No mais, andava de pernas nuas, como os índios. Seu chiripá já foi descrito: tinha a forma de saia e era meio aberto à frente, para facilitar a equitação e mesmo o caminhar do homem. Em pouco tempo esse chiripá assumia uma cor indistinta, de múgria – cor de esfregão. À cintura, faixa larga, negra, ou cinturão de bolsas, tipo guaiaca, adaptado para levar moedas, palhas e fumo e mais tarde cédulas, relógio e até pistola. Aliás, ainda hoje, a bolsa com tirante a meia-espalda, que os leiteiros costumam usar na fronteira-oeste, é chamada “guaiaca”.Ainda à cintura, as infaltáveis armas desse homem: as boleadeiras, a faca flamenga ou adaga e, mais raramente, o facão. Este era tão usado nos arreios que ganhou, por vezes, o nome de “facão caroneiro”. E sempre à mão a lança – de peleia ou de trabalho. Esta última ostentava uma lâmina em forma de meia-lua e se chamava “desjarretador” ou “garrocha”. Em ocasiões especiais o homem usava dois e mais pares de boleadeiras, à cintura e nos arreios.

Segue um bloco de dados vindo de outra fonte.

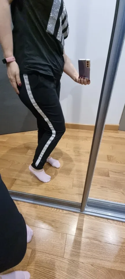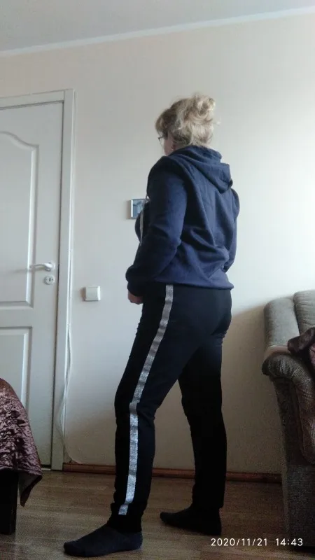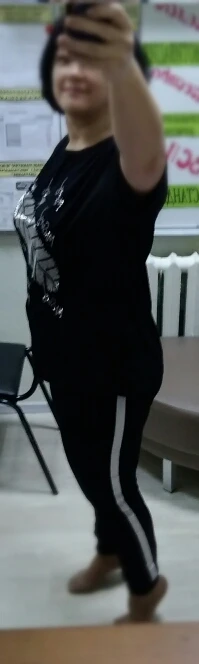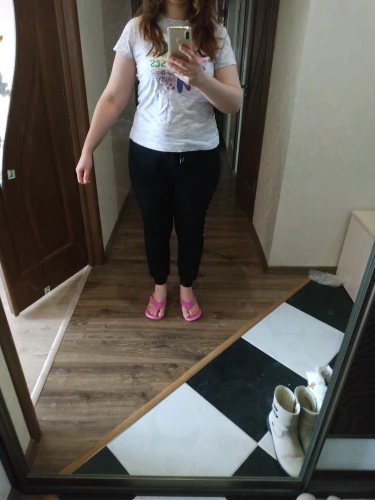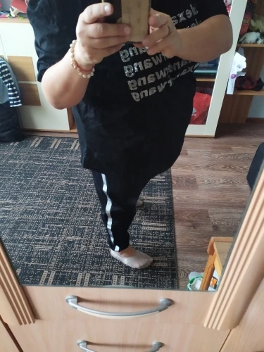 Excellent tight panties, with elastane. They sat down in size, not tight and do not hang, the belt is wide, comfortable. Full length for my height. The composition is declared cotton with elastane. My parameters are height 170 OG 107 from 94 about 112. The quality is excellent. Cool fit in a suit for a gray plush hoodie HM. I'm very happy with the store! I ordered two models, a T-shirt and pants, came in one package for three weeks in Bryansk in five. Thank you all girls for the reviews about the sizes!

Camisa, quando o peão contava com uma, era de algodão branco ou riscado, sem botões, apenas com cadarços nos punhos, com gola imensa e mangas largas. Pala, não faltava, comumente, o de lã chamado “bichará” – em cores naturais, e mais raramente o de algodão e o de seda, que aos poucos vão aparecendo. Logo também surge o poncho, redondo, de cor azul e forrado de baeta encarnada, provavelmente a partir das capas militares da época.

Embora os nomes “pala” e “poncho” se confundam com freqüência, usados um e outro para a mesma peça de indumentária, o certo é que o primeiro é proximamente indígena e o segundo inteiramente gauchesco, isto é, não veio da Europa nem da América indígena. E hoje os gaúchos rio-grandenses fazem perfeita distinção entre pala, poncho, bichará, pala-poncho e capa. Senão, veja-se:
 
Pala: de lã ou algodão, quando protege contra o frio, ou de seda, quando protege contra o calor. É sempre retangular, com franjas nos quatro lados. Freqüentemente ostenta listas retas, paralelas aos lados maiores do retângulo. A gola do pala é um simples talho, por onde o homem enfia o pescoço.

Poncho: de lã grossa, invariavelmente. Quase sempre é azul escuro, forrado de baeta colorada, mas existem também ponchos negros, com forro de baeta amarelada com xadrez vede e ainda ponchos de cor cinza, com forro de baeta encarnada. O poncho tem a forma circular ou ovalada. Como o pala, é produzido pela indústria. O poncho só protege contra o frio e a chuva. Não tem franjas, nem listas. A gola é alta, abotoada e há um peitilho na frente do poncho. A propósito, cumpre assinalar e presença de ponchos de borracha e, mais recentemente, de napa ou plástico, entre nós.

Bichará:
é um pala feito em teares manuais, de tecelagem folclórica, com a lã natural de ovelha, quase sempre nas cores naturais dessa lã. Raramente com cores químicas. O bichará é feito de dois panos, tecidos um de cada vez, e que fora do tear são costurados um ao outro deixando apenas uma abertura ao centro para a cabeça do homem. Ultimamente surgiram bicharás com gola de poncho, em lã e até de peles. O bichará só protege contra o frio.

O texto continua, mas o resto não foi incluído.